Our small survey gives us a fairly good foundation in knowing what to expect from a horizontal antenna at any height above ground, when we measure the height in wavelengths. More significant to the rest of our work in these notes is the fact that the demonstrations show what significance we place on the height of horizontal antennas in terms of our anticipations of performance for long-distance communications. Height correlates to the elevation angle of the lowest lobe, and that factor relates to the propagation angles that most usually come into and go out of our antenna. (Note that in many circumstances, incoming and outgoing angles of propagating signals may differ with respect to the ionospheric conditions between my antenna and yours.)
The net result is this: we may equate the height of two antennas if they have the same elevation angles for the lowest lobe in the pattern. The equation cannot be exact, since--as we have seen--the antenna may have some structural factors that affect the elevation angle at lower mounting heights. However, we can come close.
Six Sample Multi-Level Antennas
The equation for estimating the elevation angle of the first lobe of a horizontal antenna applies only when the elements are linear relative to the ground and when we have only one X-Y plane for the elements. The equation does not guide us when we have sloping elements, such as the ones we find in an inverted-V. As well, the equation fails us when we have an antenna with multiple X-Y planes, that is, when we have a vertical stack of antennas.
There is a rule of thumb: the effective height of an antenna with multiple height considerations is about 2/3 of the distance between the lowest height and the highest height for the antenna. Like the human thumb, which varies in size and shape from one person to the next, this rule of thumb varies in its accuracy depending on the type of antenna and the actual lowest and highest heights. If we look at several types of antennas and place them at various heights above ground, we might be able to refine the rule. Of course, once we run the exercise, we likely shall no longer need the rule, since we shall have some data that will allow more precise interpolations.
Case 1: the Inverted-V
Inverted-V antennas are less common on 20 meters than they are on 160, 80, and 40 meters. However, to be consistent in our comparisons, we shall use a 20-meter wire inverted-V as the subject antenna. We shall seek out the effective height of an inverted-V to see if it corresponds with the lowest point, the highest point, or some other point between the two. Fig. 6 shows the outline of our project.
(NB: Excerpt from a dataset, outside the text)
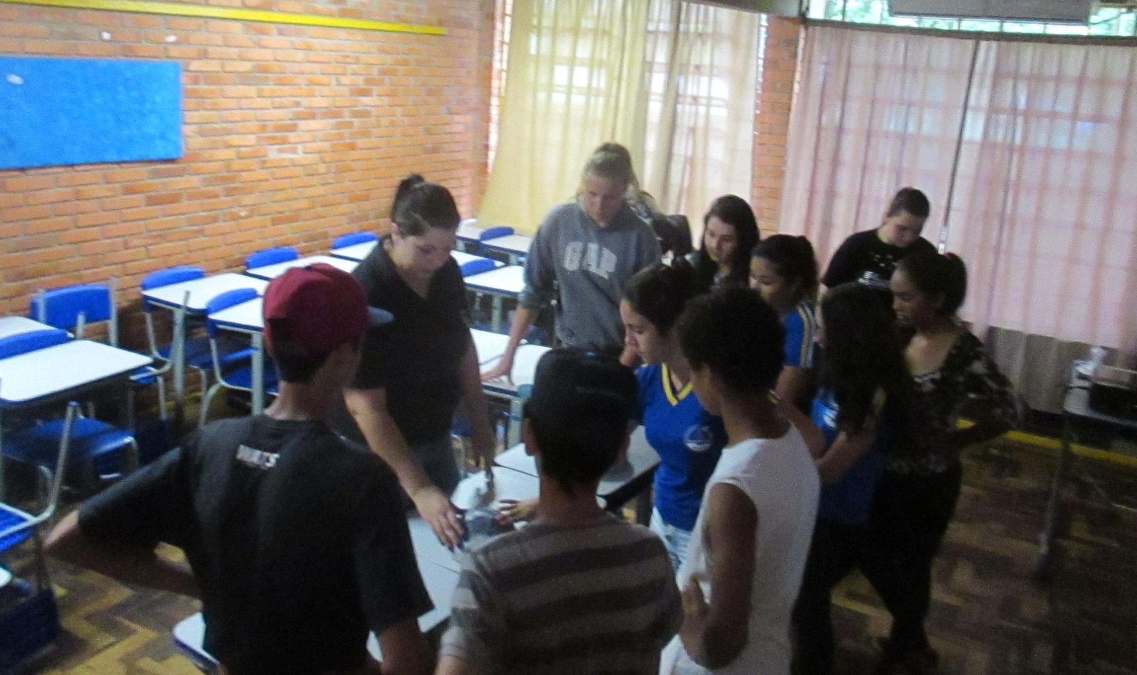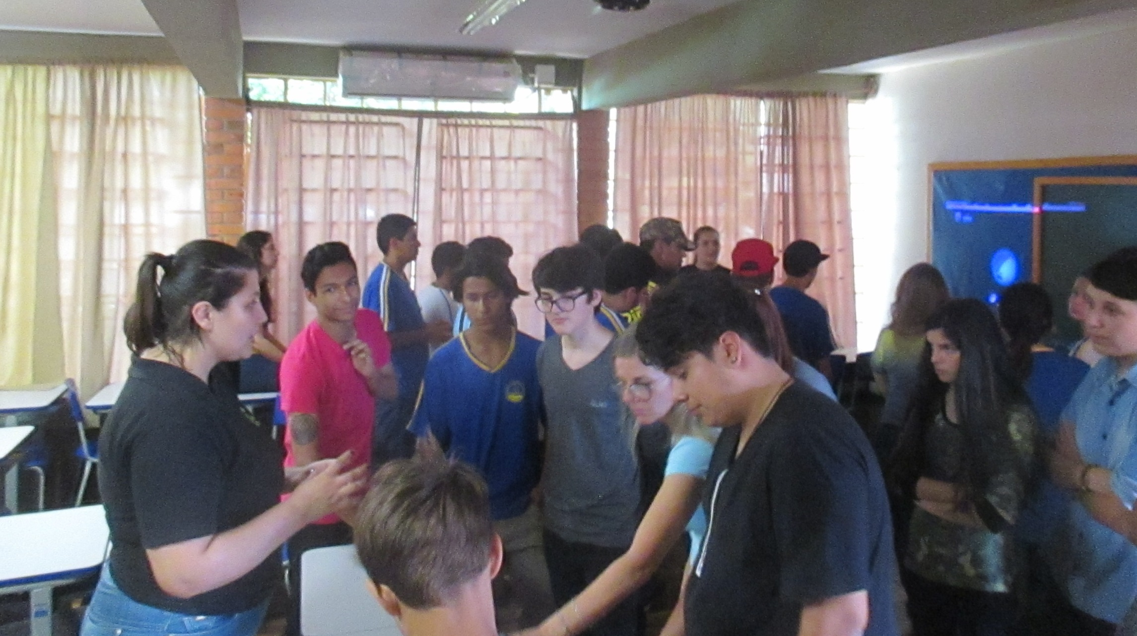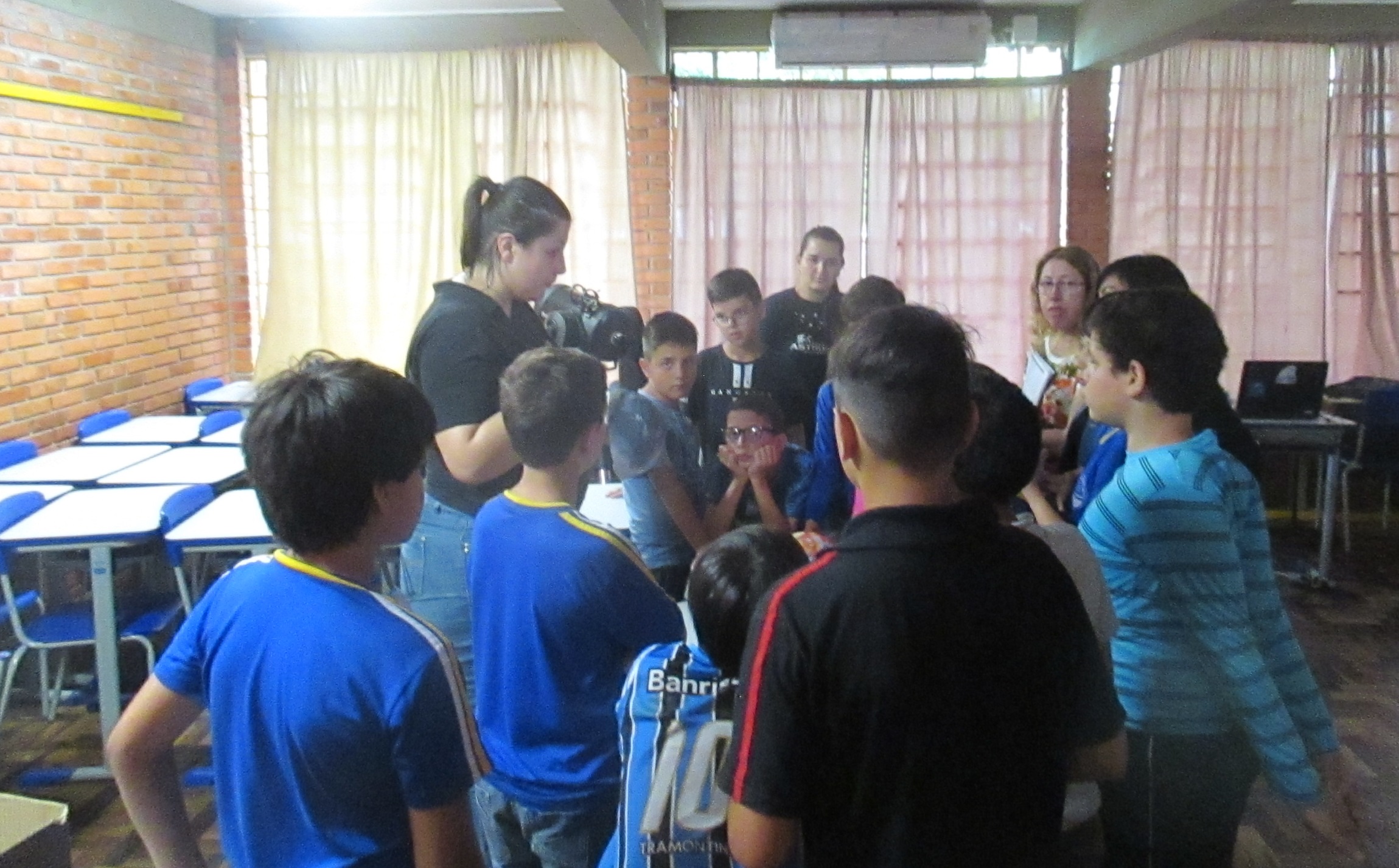 Participaram da atividade na escola Tricentenário as bolsitas do projeto Bruna Cerentini, Suen Correa e o professor Mairon Machado.
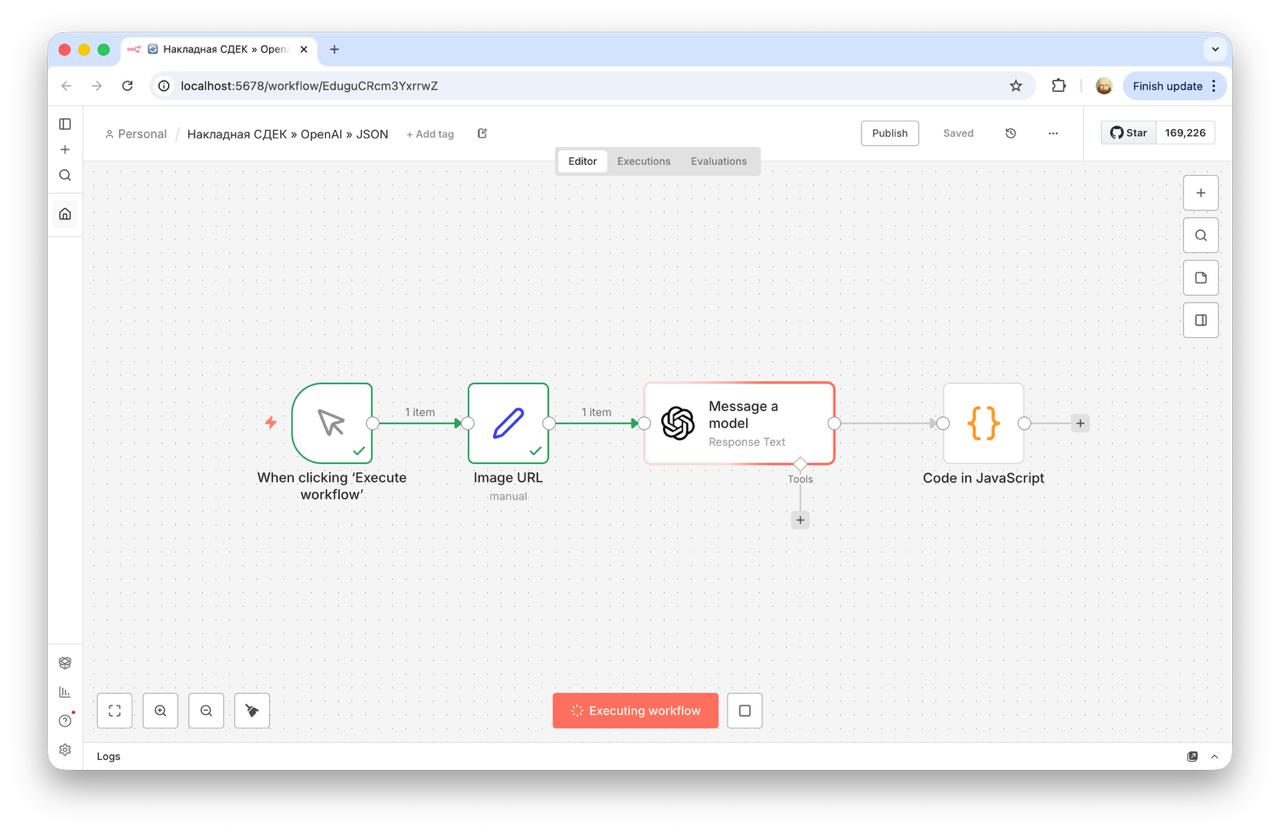 Figure 3. n8n test bench where the logic was validated before packaging into the Telegram bot.

One useful way to find an effective height is to compare the inverted-V to a linear dipole. The V is simply a sloping version of the dipole, although the slope does modify the antenna's performance characteristics. Suppose that we take the TO angles for the dipole and move the V up and down until it yields about the same TO angle (within a few tenths of a degree). Then the lowest and highest points of the V will tell us something about how the 2 antennas are related. However, inverted-Vs come in many angles of slope, where the angle of slope is the angle of each half element relative to flat ground. We cannot cover every possible angle, but we can sample inverted-Vs with slope angles of 30 degrees and 45 degrees.
The 30-Degree V: The data for the 30-degree V appear in Table 7, while the pattern are in Fig. 8.
In the table, note that the left-most column shows the effective height, that is, the physical height that most closely approximates a linear dipole at 0.5, 1.0, or 2.0 wavelengths above ground. The next 2 columns list the lowest and upper heights of the 30-degree V. The remaining data provides a basis for making comparisons with Table 2, the data for the linear dipole. We may instantly notice that the 30-degree V has slightly less gain than a linear dipole at the same effective height, but not enough less to be operationally noticeable. As well, if we compare the pattern in Fig. 7 with those in Fig. 1, we can see some small differences, but again, not sufficient to worry us in the least.
Perhaps the most interesting fact to emerge from the data is that the 30-degree V has an apex that is above the dipole height only for the lowest version. As we increase the V's height, the apex height and the effective height come together. (The very slight differences between the top height and the effective height are well within the boundaries for calling them equal, since the TO angles do not change fast enough to allow for greater precision.) Therefore, the rule of thumb, if it applies at all, works only for inverted-Vs with top heights below 1/2 wavelength. Of course, most 30-degree inverted-Vs for 160 through 40 meters tend to be well below 1/2 wavelength at the top, and their ends are much closer to the ground as a fraction of a wavelength. Hence, the 2/3-rule is more likely to be accurate for Vs on the lower HF bands. Higher Vs tend to act almost exactly like linear dipoles with respect to their TO angle.
The 45-Degree V: For smaller spaces, amateurs often give the inverted-V a slope angle of up to 45 degrees. What happens with this version of the inverted-V appears in Fig. 8 and in Table 8.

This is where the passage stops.